Leetcode 3311. Construct 2D Grid Matching Graph Layout

Leetcode 3311. Construct 2D Grid Matching Graph Layout
- 1. 解题思路
- 2. 代码实现

题目链接：3311. Construct 2D Grid Matching Graph Layout

1. 解题思路

这一题看起来搞定的人不多，不过多半是因为繁琐吧。

这道题思路上其实非常的直接，就是一个递归的方法，我们可以从连接关系当中快速地找到所有的角节点，边节点以及内部节点，然后通过角节点和边节点，我们可以还原出矩阵的4条边，然后通过内部节点我们可以使用递归的方法求得其构成的内部矩阵，最后我们将得到的4条边拼接到内部矩阵的外侧即可。

整体来说，我们可以将函数抽象为4步：

找出所有的角节点，边节点以及内部节点
还原矩阵的边
计算内部矩阵
将2中计算得到的边拼接到3中得到的内部矩阵外侧

每一步其实都没有特别复杂，但是会有一些特殊情况，多少会有些复杂和繁琐。

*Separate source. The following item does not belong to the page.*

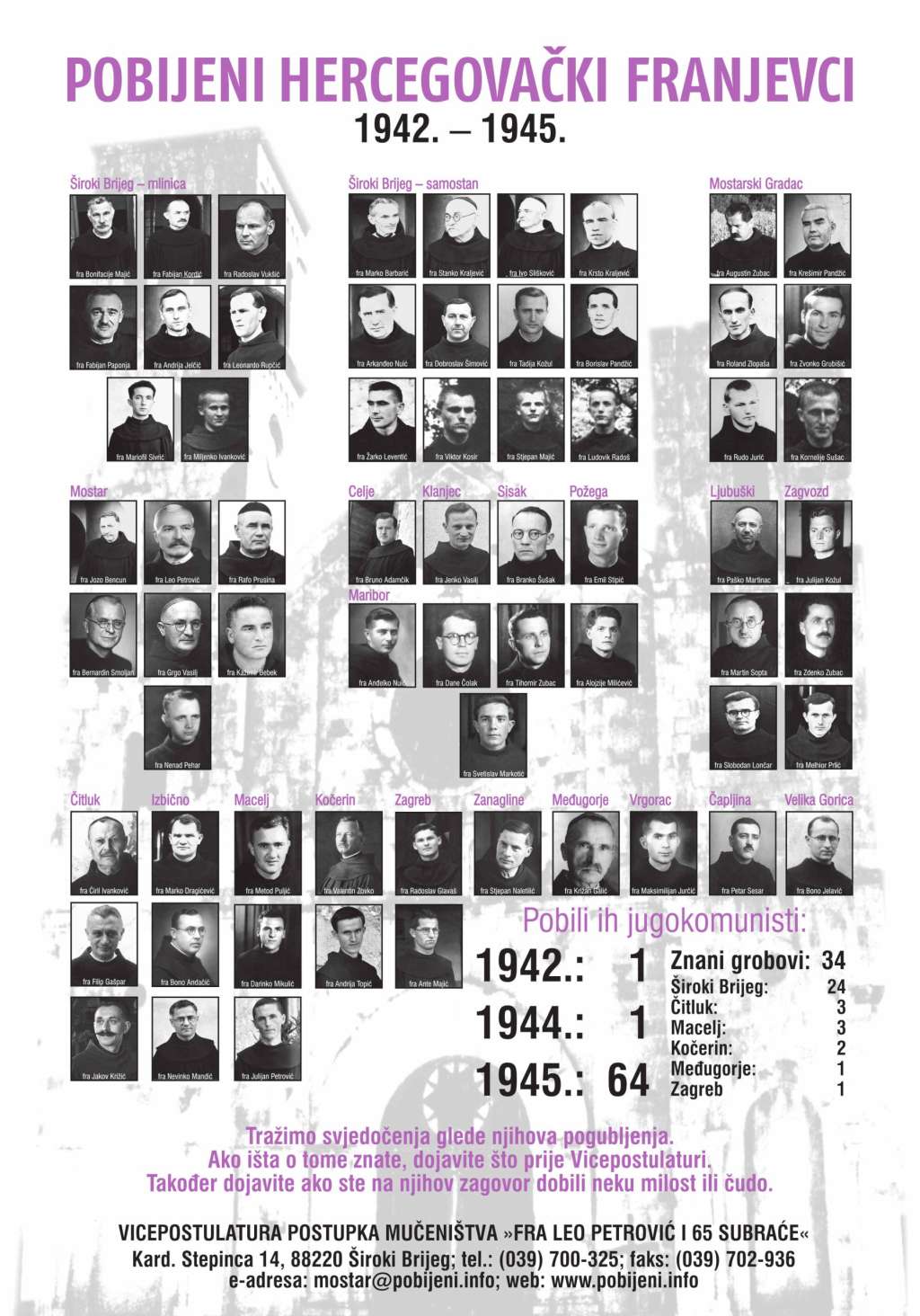 ŠIROKI BRIJEG, 29. siječnja (FENA) - "Dani pobijenih hercegovačkih franjevaca" u povodu 80. obljetnice jugokomunističkog ubojstva 66 hercegovačkih franjevaca u Drugom svjetskom ratu i poraću održat će se u Širokom Brijegu od 31. siječnja do 7. veljače u organizaciji Vicepostulature postupka mučeništva "Fra Leo Petrović i 65 subraće" na čelu s vicepostulatorom fra Miljenkom Stojićem.

比如说：

找角节点，边节点以及内部节点的时候，通常情况下其度数分别为2、3、4，不过如果矩阵仅一行，那么其对应的度数就是1、2、3，而如果矩阵仅一个点，那么其度数只有1。
还原矩阵的边的时候，通常矩阵有4条边，每条边除端节点之外均为边节点，且相互间不关联。但是如果矩阵只有1行或者两行，上述说法就会有一点问题，需要单独考虑一下。
如果矩阵只有1行或者两行，那么他是没有内部矩阵的，因此我们直接对齐矩阵的边然后返回即可；
拼接矩阵的边的时候，需要首先对齐找到矩阵的4条边的上下左右位置关系，然后进行拼接。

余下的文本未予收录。